Written by Peter Roberts, Associate Director, Crisis Communications, Sydney.
People categorize to make the world more meaningful. Our use of categories helps us better understand, whether that’s to gauge the affordability of things, improve our long-term wellbeing, or judge the suitability of a potential partner. In short, categories help.
Sometimes, however, events fail to be categorized; their characteristics throw us off balance as we try and fail to comprehend their happening. That was the case on the afternoon of Saturday, April 13th for many of us living in Sydney as a 40-year-old man took the lives of six innocent bystanders at the Westfield shopping centre in the city’s Bondi Junction.
The scale, pain and senselessness of the attack challenges us to categorize it as something more than a crisis. The label does not seem appropriate enough considering the pain involved. We tend to see crisis as an organizational pre-occupation; corporate wrongdoing, or mishap, with victimhood measured by the reputational yard, not lives. It is, however, a crisis – albeit a rarity, but an incident that captures the need to be always heretical in our crisis planning. As crisis practitioners, we do our clients and employers a disservice if we don’t include the darkest of scenarios in our threat measurements. Such moments are rare, but their scarcity should not stop us from legitimizing their likelihood.
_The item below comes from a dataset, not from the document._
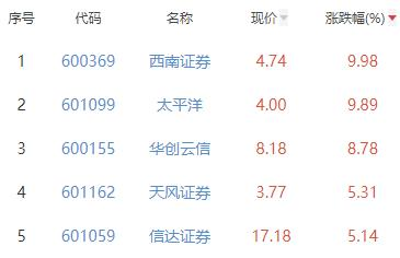 其中,西南证券、太平洋、华创云信、天风证券、信达证券位列板块涨幅前五位,涨幅分别为9.98%、9.89%、8.78%、5.31%、5.14%。

Unsurprisingly, the Westfield operators appeared unaware, and the cruelty of hindsight will probably ensure that this is presented a little more harshly by some in due course. However, the fact is that the Westfield X account and their accompanying website was in promotional mode for too long at the time of the attack, with a Star Wars competition sitting uneasily on centre stage. This, of course, was unfortunate, but a collective mindset that’s sensitized to such possibilities will recognise the criticality of peace-time work, including the development of wording for such occasions, however infrequent they may be.
At Kenyon, we advise our clients to make sure your social media team is part of the initial call-out procedure in a crisis. It’s critical that visitors don’t land on a page with inappropriate content. Special care needs to be taken to stop all planned posts, which can inadvertently cause deep offence.